Mad Max: Na drodze gniewu / Mad Max: Fury Road (2015)
„Mad Max: Na drodze gniewu” pokazuje, że praktyczne efekty są żywe i mają się dobrze w epoce hitów opartych na CGI. Zasadniczo jest to wyczerpujący pościg samochodowy przez pustynię, gdzie akcja nieustannie znajduje nowe sposoby na reinwentaryzację kaskaderskich sztuczek samochodowych i postapokaliptycznej akcji. Subtelne budowanie świata fachowo ustawia scenę, z pewnymi dziwactwami, które można dostrzec, ale których nigdy nie wyjaśniono, zapewniając wciągającą opowieść. Zarówno Tom Hardy, jak i Charlize Theron są świetni w swoich rolach, ale film koncentruje się na akcji jeżącej włosy, z postaciami desperacko walczącymi o przetrwanie. Nadchodzący prequel „Mad Max” – „Furiosa”, ma wysoko postawioną poprzeczkę.
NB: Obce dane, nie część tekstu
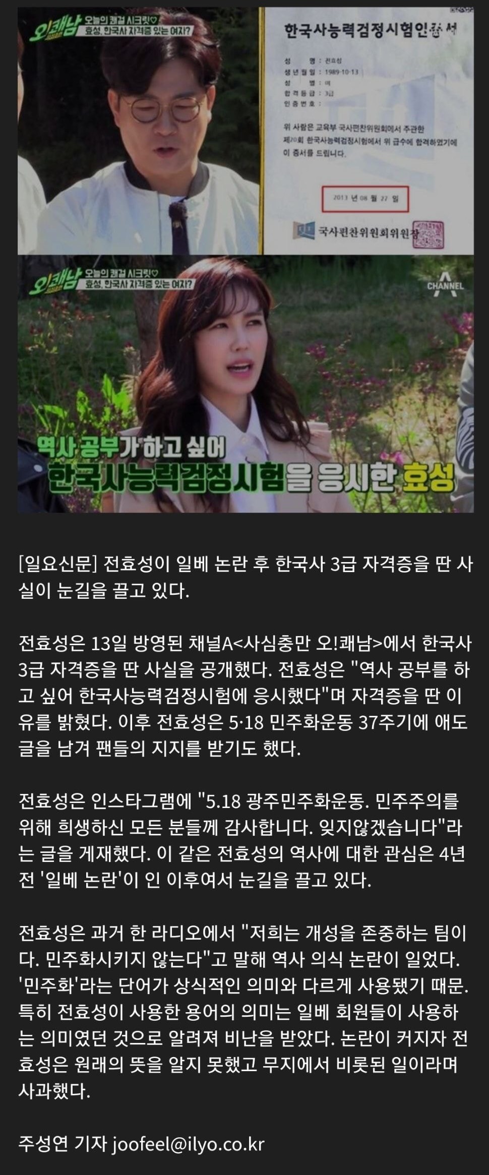 전효성 일베 논란 후 5.18발언이나 한국사 3급 자격증까지 진정한 반성이란 이런것이다 라는 것을 보여준 사람.

Szklana pułapka / Die Hard (1988)
„Szklana pułapka” ma wszystkie elementy, które sprawiają, że filmy akcji są świetne do wielokrotnego oglądania: sympatycznego bohatera, jasno określoną stawkę oraz równie przekonującego złoczyńcę. To, że film z taką biegłością i pewnością siebie realizuje te podstawy, czyni go klasykiem gatunku. John McClane to zwykły policjant w niemożliwej sytuacji, a napięcie towarzyszy nam przez cały seans. Gdy w jego stopy wbijają się odłamki szkła lub gdy kule świszczą tuż obok jego głowy, widz czuje autentyczne zagrożenie.
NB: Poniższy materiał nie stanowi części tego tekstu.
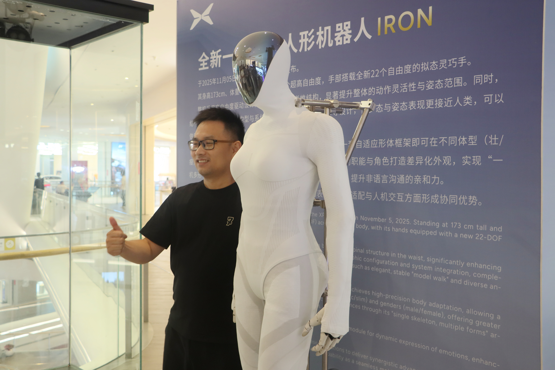 据悉,IRON机器人身高173厘米,体重65公斤,以其高度拟人的形态和灵活的运动能力为核心亮点。它全身拥有82个超高自由度关节,尤其是配备了22个自由度的拟人灵巧手,能够完成精细的抓取和操作任务。此次在深业上城商场L2层西侧中岛区域的展示,吸引了大量科技爱好者、市民及行业人士驻足观看。

Poszukiwacze zaginionej Arki / Raiders Of The Lost Ark (1981)
Pierwsza część oryginalnej trylogii Indiany Jonesa w reżyserii Stevena Spielberga to kwintesencja filmu akcji i przygodowego, która za każdym razem dostarcza mnóstwo emocji. Już od pierwszej sceny, gdzie Indy próbuje ukraść Złoty Idol, aż po spektakularną scenę roztapiającej się twarz, Spielberg serwuje nieprzerwany wachlarz atrakcji. Przy akompaniamencie porywającej muzyki Johna Williamsa i urokliwej gry Harrisona Forda, „Poszukiwacze zaginionej Arki” nieustannie zachwycają widzów.
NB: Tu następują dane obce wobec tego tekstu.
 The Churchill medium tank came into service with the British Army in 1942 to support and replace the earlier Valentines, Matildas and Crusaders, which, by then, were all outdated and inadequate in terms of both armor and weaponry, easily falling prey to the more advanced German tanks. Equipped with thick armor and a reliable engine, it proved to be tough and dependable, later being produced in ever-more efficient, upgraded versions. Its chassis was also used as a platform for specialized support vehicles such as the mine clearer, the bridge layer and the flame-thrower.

Mroczny Rycerz / The Dark Knight (2008)
Ponad 15 lat po premierze, „Mroczny Rycerz” wciąż pozostaje złotym standardem filmów o superbohaterach. W ramach wybitnej trylogii, niezapomniana rola Heatha Ledgera jako Jokera czyni ten film wyjątkowym. Wojna Jokera z Batmanem to pasjonująca bitwa o serce Gotham. Nie chodzi tylko o życie Bruce’a Wayne’a, ale o moralną siłę, która leży u podstaw całego społeczeństwa. W wizji przyszłości Jokera ludzkość staje się nieodróżnialna od zwierząt, a chaos zaczyna dominować.